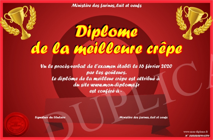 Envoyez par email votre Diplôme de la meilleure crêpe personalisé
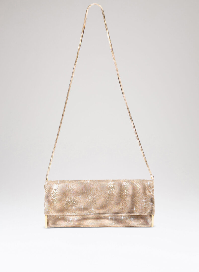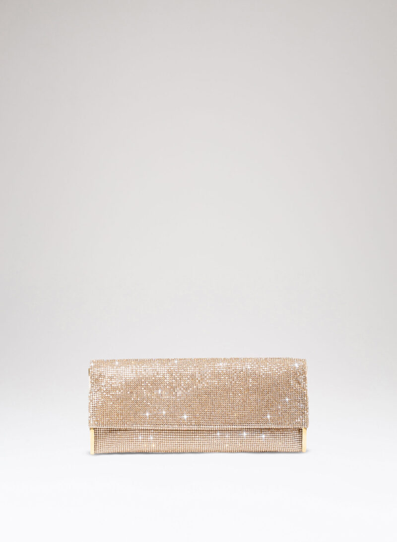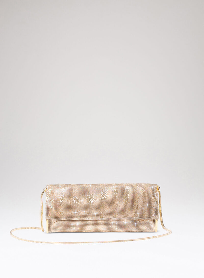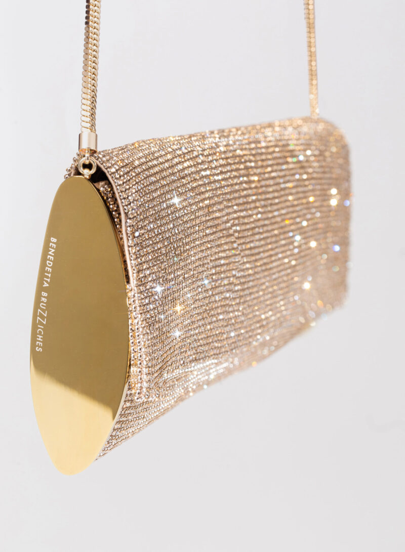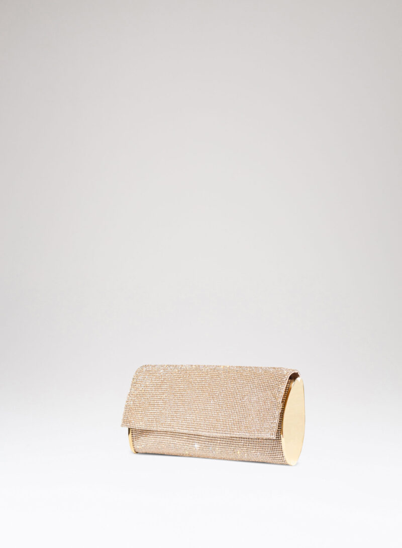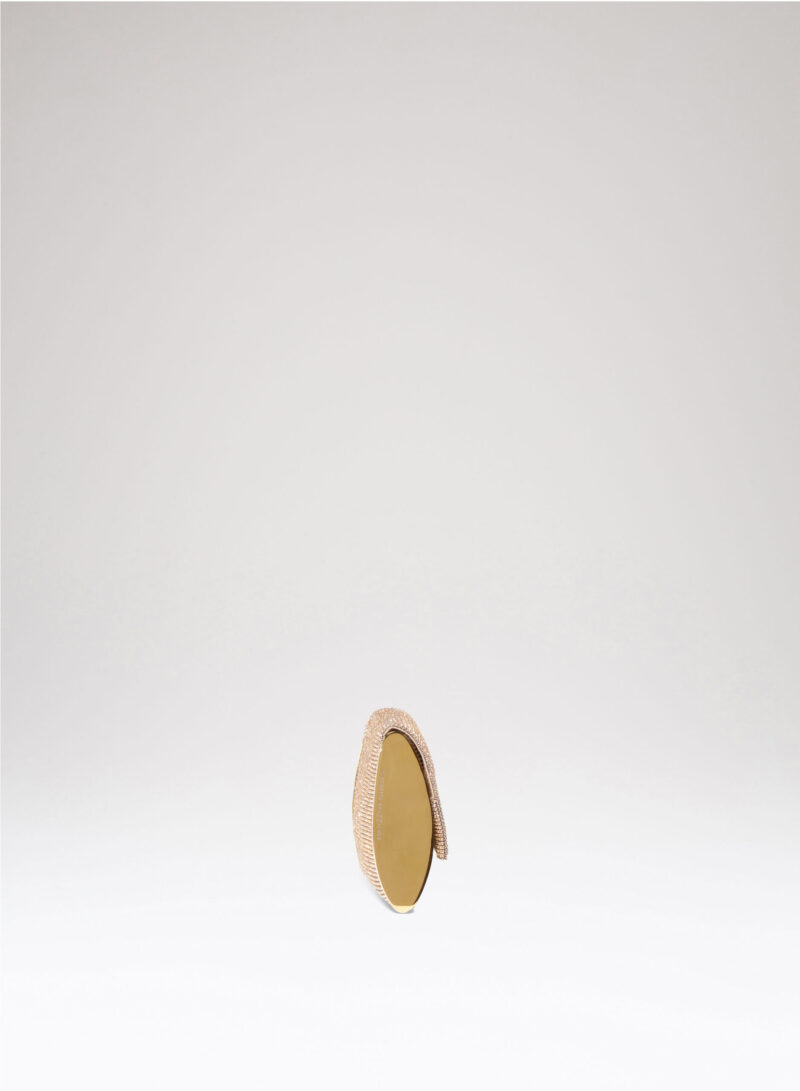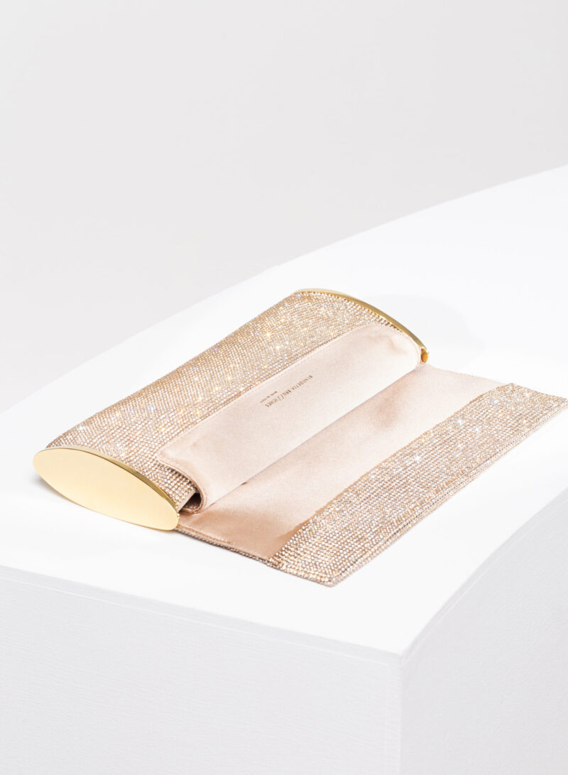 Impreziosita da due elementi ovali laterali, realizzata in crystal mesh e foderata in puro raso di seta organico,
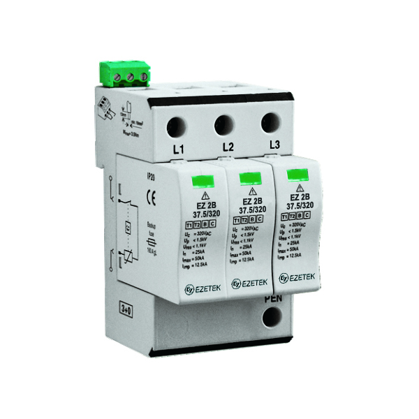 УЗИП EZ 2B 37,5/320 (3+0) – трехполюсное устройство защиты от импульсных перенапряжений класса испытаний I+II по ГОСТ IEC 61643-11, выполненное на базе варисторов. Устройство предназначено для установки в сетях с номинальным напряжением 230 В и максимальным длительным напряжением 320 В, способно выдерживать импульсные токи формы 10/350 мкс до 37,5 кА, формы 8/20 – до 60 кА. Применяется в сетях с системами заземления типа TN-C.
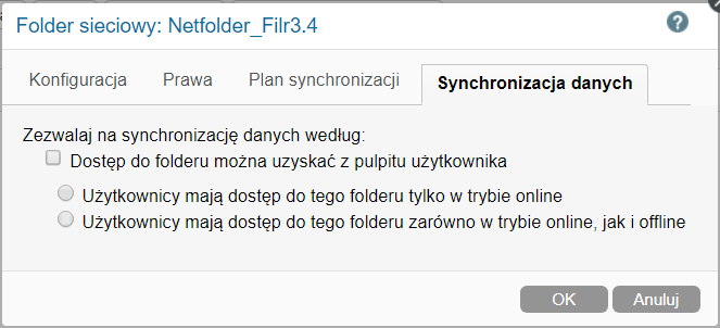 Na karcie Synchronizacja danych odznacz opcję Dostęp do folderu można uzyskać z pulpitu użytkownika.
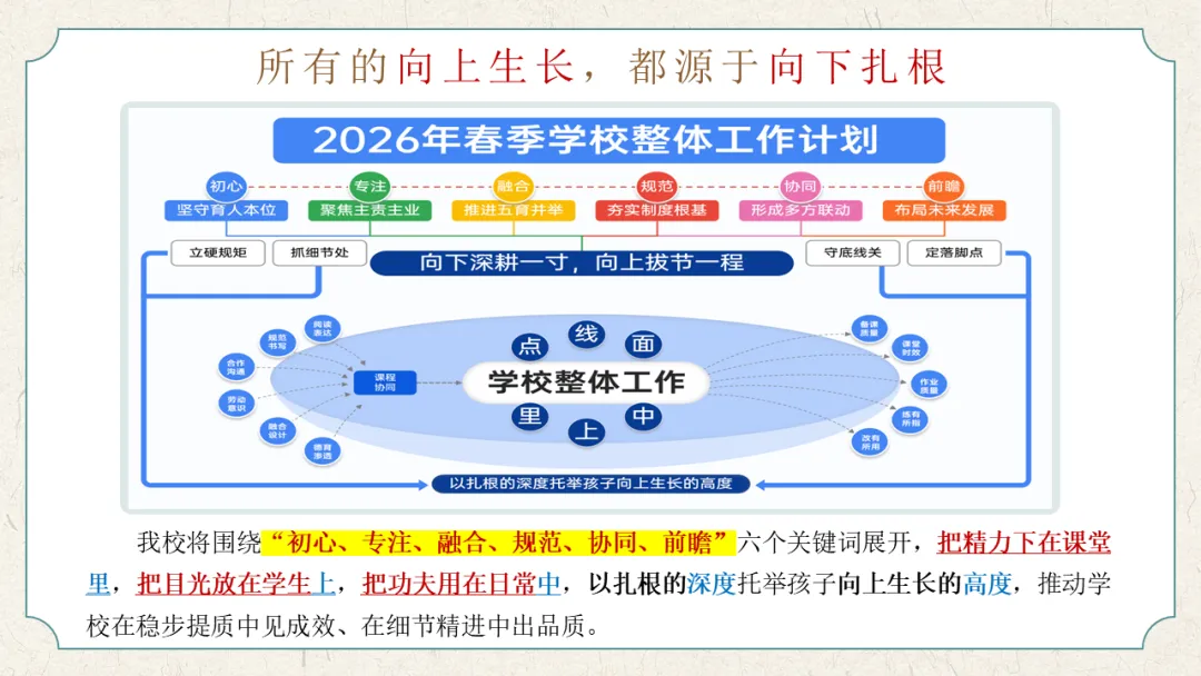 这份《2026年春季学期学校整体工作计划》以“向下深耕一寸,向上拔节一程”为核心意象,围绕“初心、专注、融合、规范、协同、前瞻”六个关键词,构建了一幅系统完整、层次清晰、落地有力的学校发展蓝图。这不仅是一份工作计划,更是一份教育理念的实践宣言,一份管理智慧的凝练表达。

===

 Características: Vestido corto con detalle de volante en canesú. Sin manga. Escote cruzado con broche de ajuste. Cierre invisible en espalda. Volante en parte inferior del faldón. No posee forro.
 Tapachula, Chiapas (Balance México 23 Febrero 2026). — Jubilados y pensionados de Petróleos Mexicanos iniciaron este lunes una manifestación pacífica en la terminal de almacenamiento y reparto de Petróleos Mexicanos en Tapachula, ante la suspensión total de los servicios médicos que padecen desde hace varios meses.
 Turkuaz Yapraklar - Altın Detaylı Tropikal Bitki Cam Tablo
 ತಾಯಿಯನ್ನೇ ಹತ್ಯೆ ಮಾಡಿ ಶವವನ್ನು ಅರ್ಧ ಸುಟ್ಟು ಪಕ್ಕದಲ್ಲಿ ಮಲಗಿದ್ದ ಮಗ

===

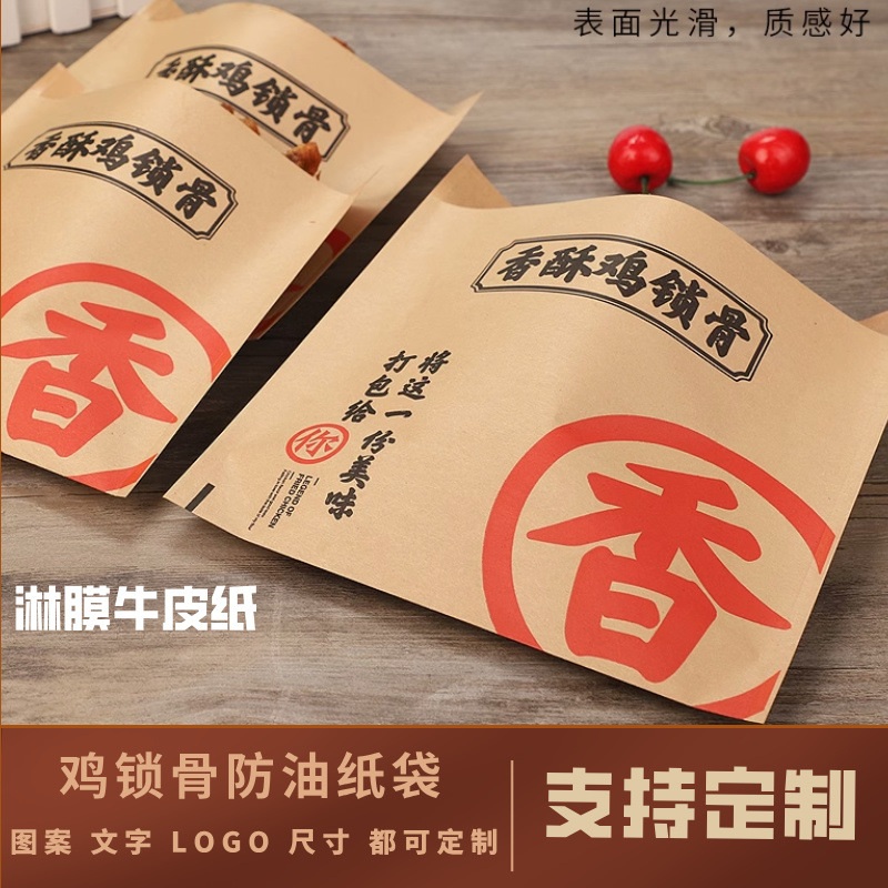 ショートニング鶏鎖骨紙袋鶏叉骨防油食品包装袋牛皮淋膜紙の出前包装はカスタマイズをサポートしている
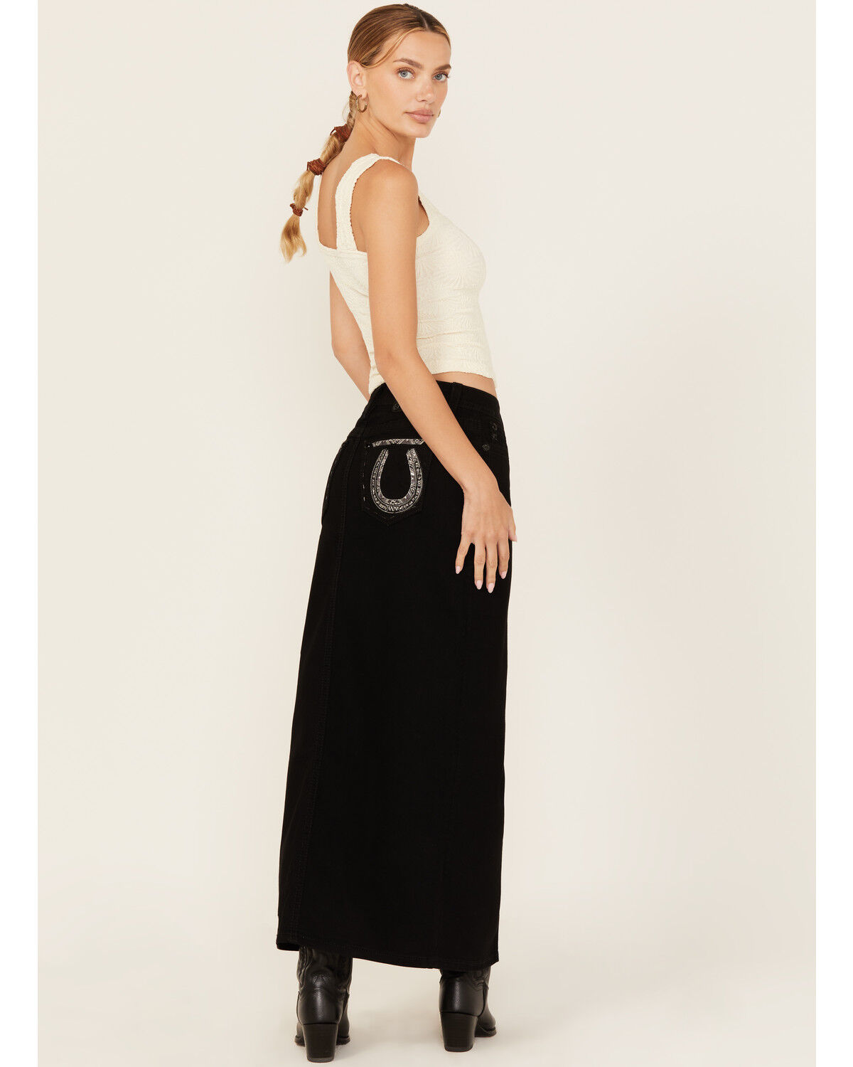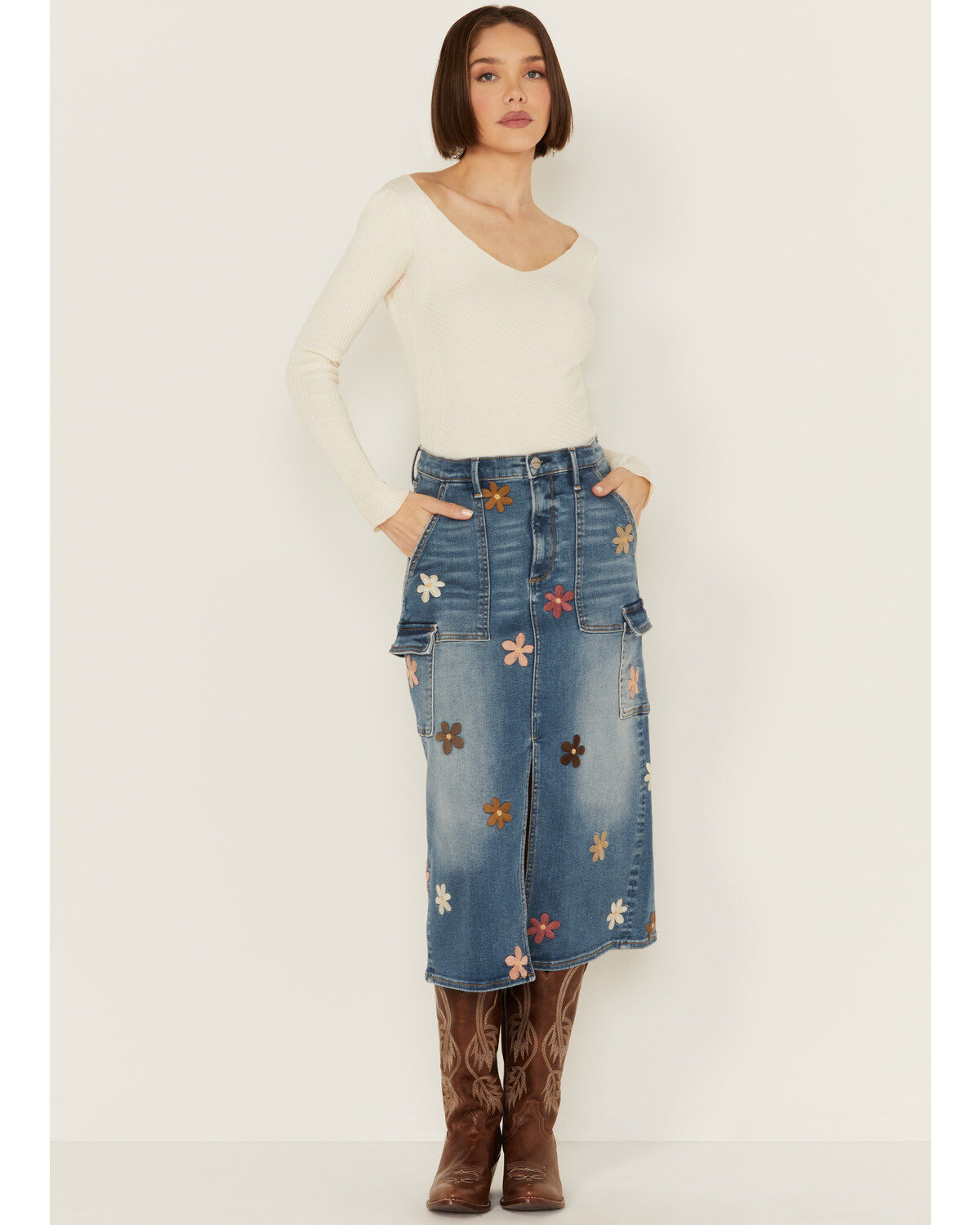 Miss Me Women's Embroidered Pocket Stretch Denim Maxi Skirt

===

## [EXERCISE INSTRUCTIONS]
Lines wanted from the listing above: the line with "Características: Vestido corto" up to and including the line with "ತಾಯಿಯನ್ನೇ ಹತ್ಯೆ ಮಾಡಿ". Please write them out exactly, adding nothing else.

## [EXERCISE RESPONSE]
 Características: Vestido corto con detalle de volante en canesú. Sin manga. Escote cruzado con broche de ajuste. Cierre invisible en espalda. Volante en parte inferior del faldón. No posee forro.
 Tapachula, Chiapas (Balance México 23 Febrero 2026). — Jubilados y pensionados de Petróleos Mexicanos iniciaron este lunes una manifestación pacífica en la terminal de almacenamiento y reparto de Petróleos Mexicanos en Tapachula, ante la suspensión total de los servicios médicos que padecen desde hace varios meses.
 Turkuaz Yapraklar - Altın Detaylı Tropikal Bitki Cam Tablo
 ತಾಯಿಯನ್ನೇ ಹತ್ಯೆ ಮಾಡಿ ಶವವನ್ನು ಅರ್ಧ ಸುಟ್ಟು ಪಕ್ಕದಲ್ಲಿ ಮಲಗಿದ್ದ ಮಗ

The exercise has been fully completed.